### WORK REQUIRED
From the first line to the last, reproduce the records below exactly, omitting any picture.

### PROVIDED RECORDS
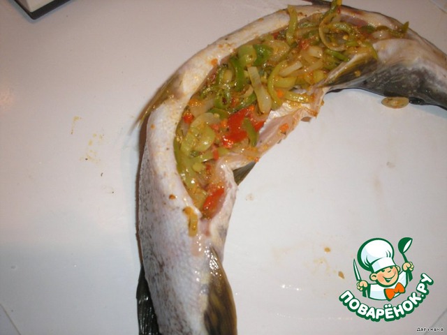 Щуку натереть солью и перцем внутри и снаружи. Во внутрь положить овощи.
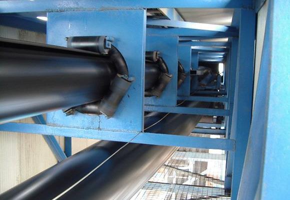 Når transportbåndet har mottatt materialene fra overgangsseksjonen på halen, vil transportbåndet rulles opp i den sirkulære rørformen gradvis, da vil det sirkulære rørbåndet bli påført for å transportere materialene i den forseglede vei, Transportbåndet vil utfolde seg gradvis når materialene blir transportert til hodet overgangsseksjonen til materialene er utladet.
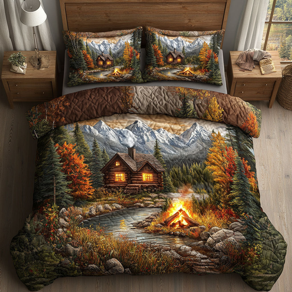 Cabin Campfire Mountains 3-Piece Quilted Bedding Set NCU0NT5163
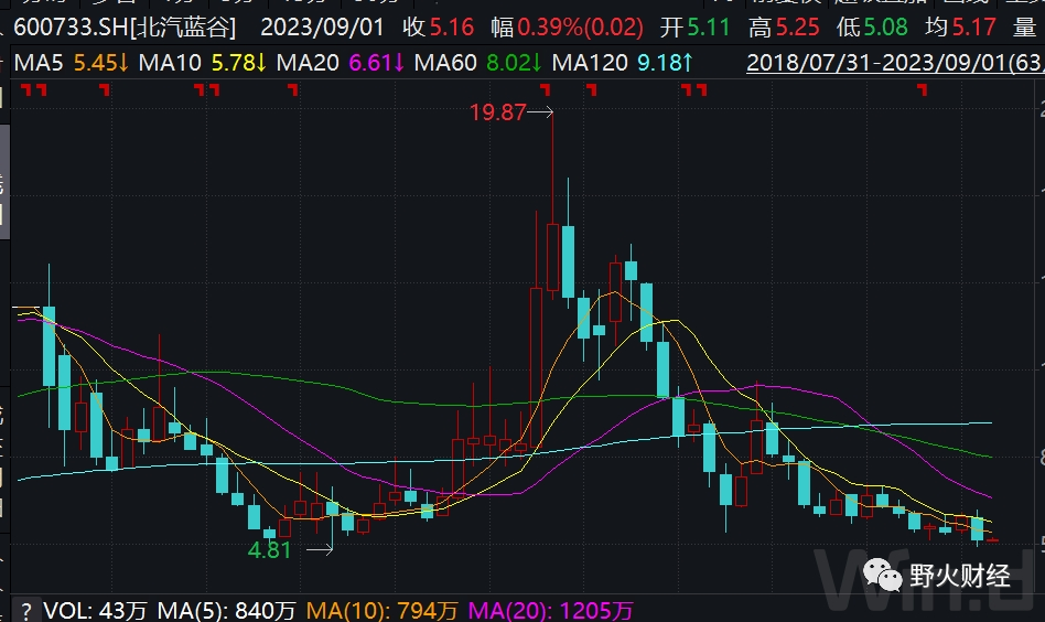 截至9月1日收市,北汽蓝谷股价为5.16元,最新市值288亿元。
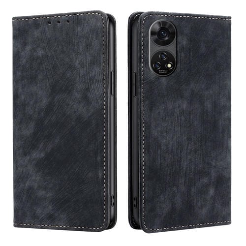 Funda de Cuero Magnética con Cepillo Antirrobo RFID para ZTE Anshin (Negra)
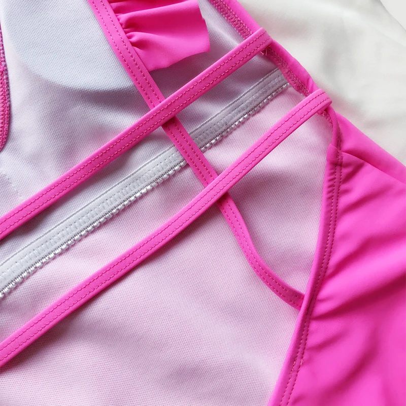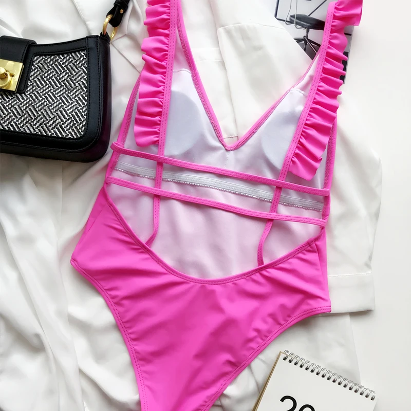 Слитный купальник Peachtan с оборками, женский купальник с открытой спиной, женский сексуальный неоновый Монокини 2021, Бразильский купальный костюм, монокини на лето
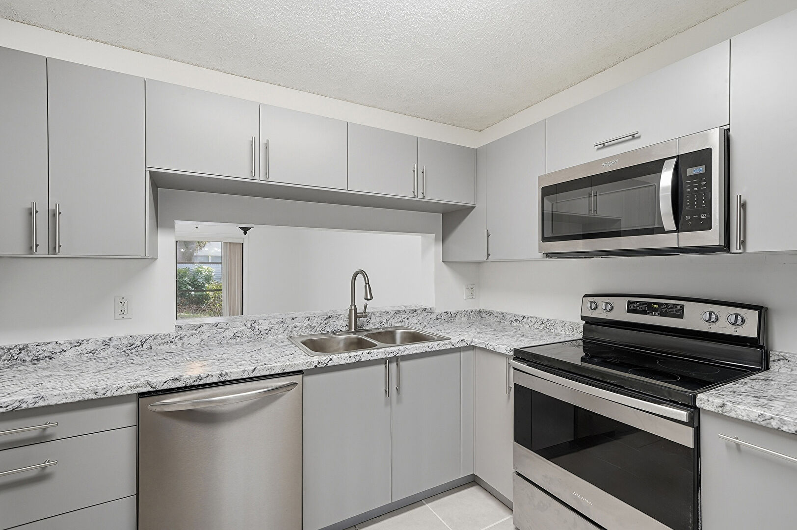 Baseboards Wall, Drywall, Gray Cabinets, Natural Light, Stone Countertops, Textured Ceiling, Tile Floor, Vent, Baseboards Wall, Pass Through Window, Tile Floor
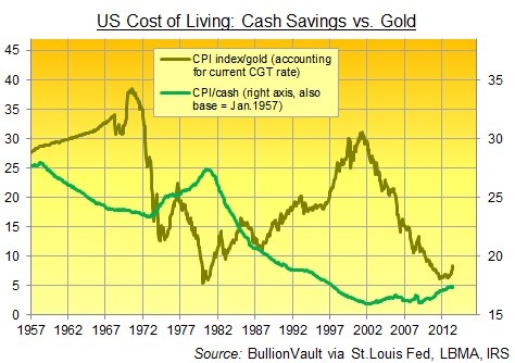 Since Richard Nixon cut the Dollar's last formal ties to gold backing four decades ago, the official US cost of living index has outpaced US savings rates in 198 months. Gold prices have risen in 163 of them, gaining an average – in real terms and after accounting for today's US capital gains tax – of 14.2% per year. That made the Consumer Price Index fall for gold-owning savers.
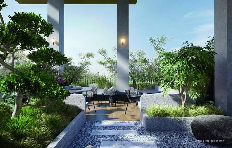 Step into a world of modern elegance as you enter this brand-new designer unit at Hill House. Bathed in abundant natural light, the open-plan living area features floor-to-ceiling windows that frame breathtaking views of the city skyline and lush greenery. The minimalist ambiance is accentuated by sculptural 3D wall art and a chic, sunken circular rooftop seating area that invites relaxation and social gatherings.

### RESPONSE
 Щуку натереть солью и перцем внутри и снаружи. Во внутрь положить овощи.
 Når transportbåndet har mottatt materialene fra overgangsseksjonen på halen, vil transportbåndet rulles opp i den sirkulære rørformen gradvis, da vil det sirkulære rørbåndet bli påført for å transportere materialene i den forseglede vei, Transportbåndet vil utfolde seg gradvis når materialene blir transportert til hodet overgangsseksjonen til materialene er utladet.
 Cabin Campfire Mountains 3-Piece Quilted Bedding Set NCU0NT5163
 截至9月1日收市,北汽蓝谷股价为5.16元,最新市值288亿元。
 Funda de Cuero Magnética con Cepillo Antirrobo RFID para ZTE Anshin (Negra)
 Слитный купальник Peachtan с оборками, женский купальник с открытой спиной, женский сексуальный неоновый Монокини 2021, Бразильский купальный костюм, монокини на лето
 Baseboards Wall, Drywall, Gray Cabinets, Natural Light, Stone Countertops, Textured Ceiling, Tile Floor, Vent, Baseboards Wall, Pass Through Window, Tile Floor
 Since Richard Nixon cut the Dollar's last formal ties to gold backing four decades ago, the official US cost of living index has outpaced US savings rates in 198 months. Gold prices have risen in 163 of them, gaining an average – in real terms and after accounting for today's US capital gains tax – of 14.2% per year. That made the Consumer Price Index fall for gold-owning savers.
 Step into a world of modern elegance as you enter this brand-new designer unit at Hill House. Bathed in abundant natural light, the open-plan living area features floor-to-ceiling windows that frame breathtaking views of the city skyline and lush greenery. The minimalist ambiance is accentuated by sculptural 3D wall art and a chic, sunken circular rooftop seating area that invites relaxation and social gatherings.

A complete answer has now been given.